This should produce output like:

Output directory: /Users/nmadnani/work/rsmtool/examples/rsmsummarize
Starting report generation
Merging sections
Exporting HTML
Executing notebook with kernel: python3

Once the run finishes, you will see a new folder report containing an HTML file named model_comparison_report.html. This is the final rsmsummarize summary report.

Examine the report

Our experiment report contains the overview of main aspects of model performance. It includes:

  1. Brief description of all experiments.

  2. Information about model parameters and model fit for all rsmtool experiments.

  3. Model performance for all experiments.

Note

Some of the information such as model fit and model parameters are only available for rsmtool experiments.

Input

rsmsummarize requires a single argument to run an experiment: the path to a configuration file. You can specify which models you want to compare and the name of the report by supplying the path to a configuration file. It can also take an output directory as an optional second argument. If the latter is not specified, rsmsummarize will use the current directory as the output directory.

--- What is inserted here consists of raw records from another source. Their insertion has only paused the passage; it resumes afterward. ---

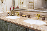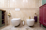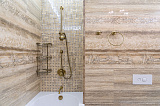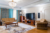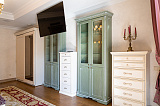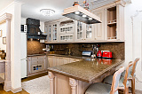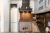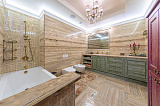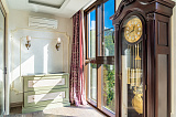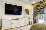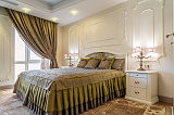 Интерьер оформлен в классическом стиле. Все комнаты полностью укомплектованы лучшей мебелью и новой элитной бытовой техникой. Дизаин подобран в соответствии с общей стилистикой оформления квартиры.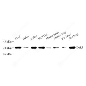 WB检测DcR3蛋白(货号 GB112102). 样品: 经RIPA裂解液(货号G2002)处理的蛋白质. 封闭: 3%脱脂牛奶(货号GC310001)溶于TBST溶液, 室温孵育1小时. —抗: 1: 500稀释, 4℃ 孵育过夜. 二抗: HRP标记山羊抗兔IgG (H+L) (货号GB23303), 1: 5000稀释, 室温孵育1小时. |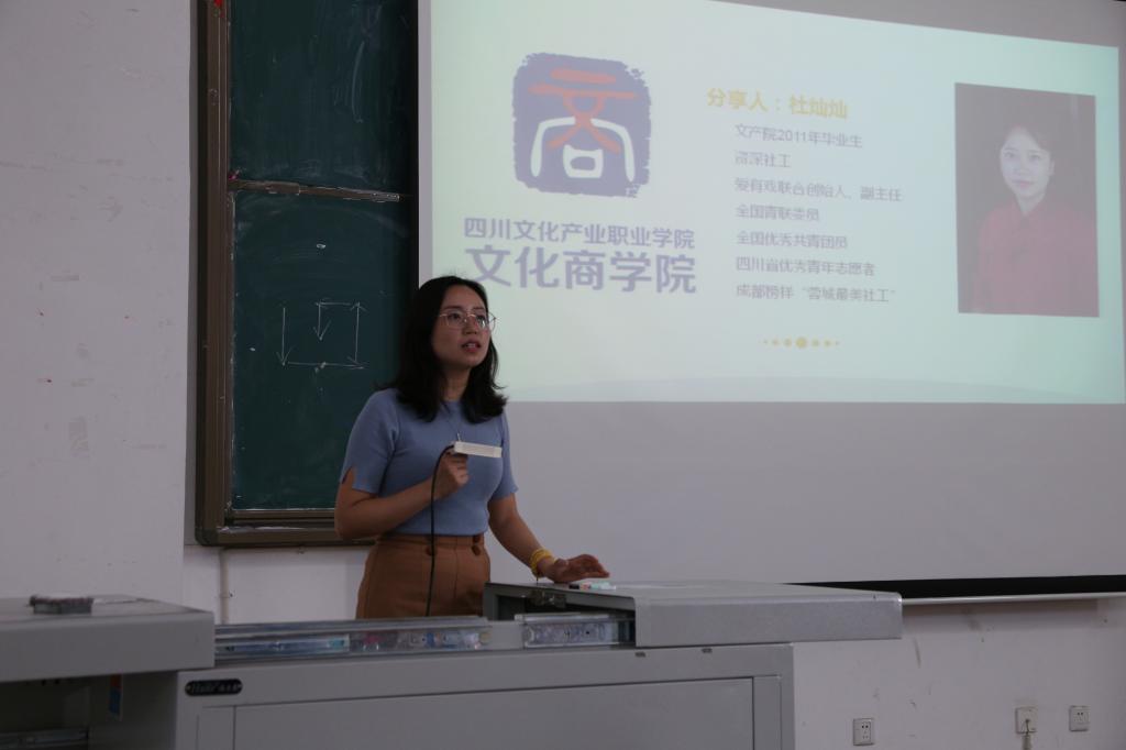 为何文商学院“丝路讲坛”会连续两次邀请杜灿灿校友进行工作经历分享?“我们希望通过杜灿灿以学姐身份进行的分享,在传播正能量同时,让同学们知道,未来的就业方向其实有很多可能,比如以助人自助为理念的社会工作就是很好的选择。”公管专业负责人李娟如是说。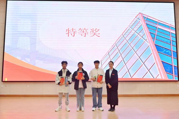 土木工程學(xué)院黨總支部副書記朱海玲為獲得特等獎(jiǎng)的同學(xué)頒獎(jiǎng)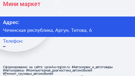 Мини-маркет по адресу Чеченская республика, Аргун, Титова, 6 в дальнейшем Организация, размещена в следующих категориях:

Here are all the arguments to the rsmsummarize command-line script.

config_file

The JSON configuration file for this experiment.

output_dir (optional)

The output directory where the report and intermediate .csv files for this comparison will be stored.

-f, --force

If specified, the contents of the output directory will be overwritten even if it already contains the output of another rsmsummarize experiment.

-h, --help

Show help message and exist.

-V, --version

Show version number and exit.

Experiment configuration file

This is a file in .json format that provides overall configuration options for an rsmsummarize experiment. Here’s an example configuration file for rsmsummarize.

Note

To make it easy to get started with rsmsummarize, we provide a way to automatically generate configurations file both interactively as well as non-interactively. Novice users will find interactive generation more helpful while more advanced users will prefer non-interactive generation. See this page for more details.

Next, we describe all of the rsmsummarize configuration fields in detail. There are two required fields and the rest are all optional. We first describe the required fields and then the optional ones (sorted alphabetically).

summary_id

An identifier for the rsmsummarize experiment. This will be used to name the report. It can be any combination of alphanumeric values, must not contain spaces, and must not be any longer than 200 characters.

experiment_dirs

The list of the directories with the results of the experiment. These directories should be the output directories used for each experiment and should contain subdirectories output and figure generated by rsmtool or rsmeval.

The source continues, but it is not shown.